There are a whole bunch of other tests that test completion in this file that use the exact same mechanism but don't seem to be flakey. Why is this one test flakey?

If for instance it's because "Fo" ends up being ambiguous because we chose too common a start string, then you could trivially fix the test by choosing a more uncommon name to complete on. But I'd want to know why this test is flakey first.

I also don't see why you say this test doesn't test something important. The ability to auto-complete symbol names it pretty important to command-line lldb users. If anything we should have more tests of the symbol completer...

Apologies, I was thinking of another test (happens when there are multiple UNEXPECTED SUCCESSES ;)

This seems to pass pretty reliably locally. I'd go for UNXFAILING this unless there are objections.

There are a whole bunch of other tests that test completion in this file that use the exact same mechanism but don't seem to be flakey. Why is this one test flakey?

So, I take a look at this to reply to your question. They're all flakey.
Most of them fails non-deterministically depending on the load of the system. I just wrote a driver that spawns randomly threads that spin loops & checked out multiple copies of lldb and ran test suites in parallel.
I see many of the failures testing completion randomly failing.

davide added a comment.EditedJan 29 2018, 3:06 PM

There are a whole bunch of other tests that test completion in this file that use the exact same mechanism but don't seem to be flakey. Why is this one test flakey?

So, I take a look at this to reply to your question. They're all flakey.
Most of them fails non-deterministically depending on the load of the system. I just wrote a driver that spawns randomly threads that spin loops & checked out multiple copies of lldb and ran test suites in parallel.
I see many of the failures testing completion randomly failing.

As an example of a test which just failed on my machine because of a timeout (non-deterministic, happens around ~1/50 times on my machine)

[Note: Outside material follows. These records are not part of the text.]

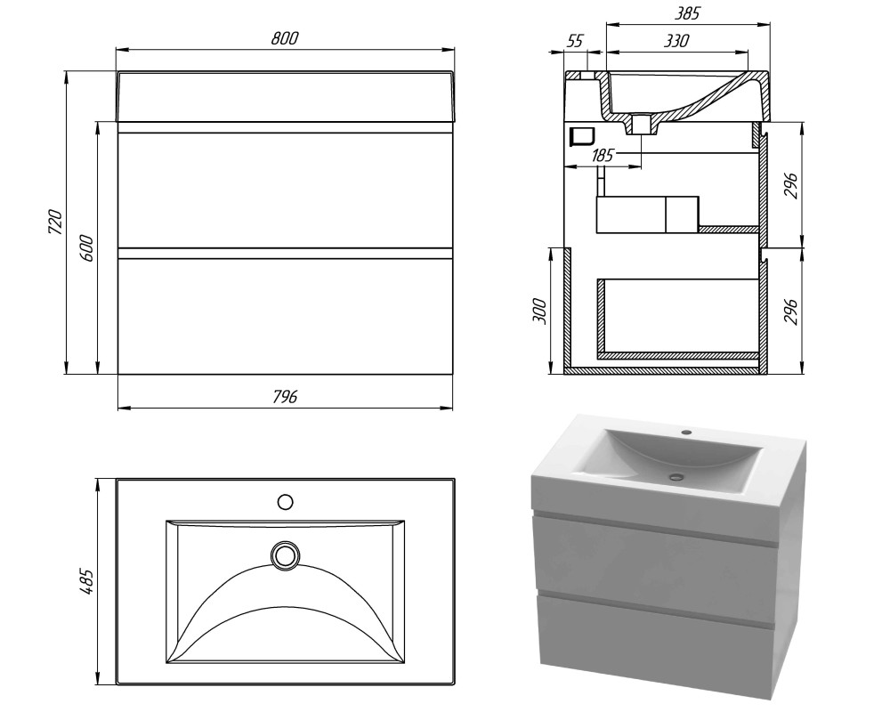 Размеры тумбы (ш*г*в): 800х485х720мм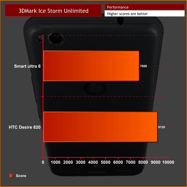 In 3DMark Ice Storm Unlimited, the scores were also close. The Smart ultra 6 scored 7668 to the HTC's 9120. This is a slightly bigger difference than expected, but it is not enough to be concerning.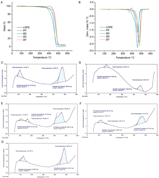 (A) TG curves, (B) DTG curves; DSC thermogram for (C) LDPE, (D) PP, (E) T°m-Vm-Ø2, (F) T°m-Vm-Ø5, (G) T°m-Vm-Ø7.

TIMEOUT: test_step_over_3_times_dsym (python_api/thread/TestThreadAPI.py)
[TestThreadAPI.py FAILED] (TIMEOUT)
Command invoked: /System/Library/Frameworks/Python.framework/Versions/2.7/Resources/Python.app/Contents/MacOS/Python /Users/dcci/work/llvm/llvm/tools/lldb/test/dotest.py -q --arch=x86_64 --executable /Users/dcci/work/llvm/build/bin/lldb -s /Users/dcci/work/llvm/build/lldb-test-traces -S nm -u CXXFLAGS -u CFLAGS -C /Users/dcci/work/llvm/build/bin/clang --codesign-identity lldb_codesign --server /Users/dcci/work/llvm/build/bin/debugserver --results-port 52049 -S nm --inferior -p TestThreadAPI.py /Users/dcci/work/llvm/llvm/tools/lldb/packages/Python/lldbsuite/test --event-add-entries worker_index=6:int

I'll probably go ahead and either unXFAIL or SKIP the tests that I find being non-reliable cause of pexpect. Having tests that pass most of the time under load but not always is quite unfortunate, in particular now that we want to enable continuous integration for downstream projects using lldb.

Best,

Davide

If we just need to test completion, write a lit-style test that uses lldb-test that looks like this:

RUN: lldb-test complete --target=%T/foo --complete_str=MyPrefix | FileCheck %s

CHECK: Foo::Bar
CHECK: Foo::Baz
etc

Simple and not flaky

So that sounds like a pexpect problem. We have seen that pexpect based tests tend to be flakey, and particular will time out on loaded systems as you are seeing. But I really don't think there are very many cases where we need to use pexpect.

For instance, all the completion tests using the SBCommandInterpreter::HandleCompletion. This is a pretty direct translation to the code that the CommandInterpreter uses to handle tabs, so you wouldn't change what you are testing, and the tests would be much more stable because you're just calling an API rather than scraping stdout from a sub-launched lldb.

We do need to add more command-line parsing tests as well, but it would be straightforward to write a little unit test harness that feeds in command lines and checks the parsed version of the command (before it gets passed to DoExecute) without actually executing the command.

I would rather not just xfail all these pexpect tests, I worry they will just stay that way. Be better if we took the time to write them using more stable testing methods.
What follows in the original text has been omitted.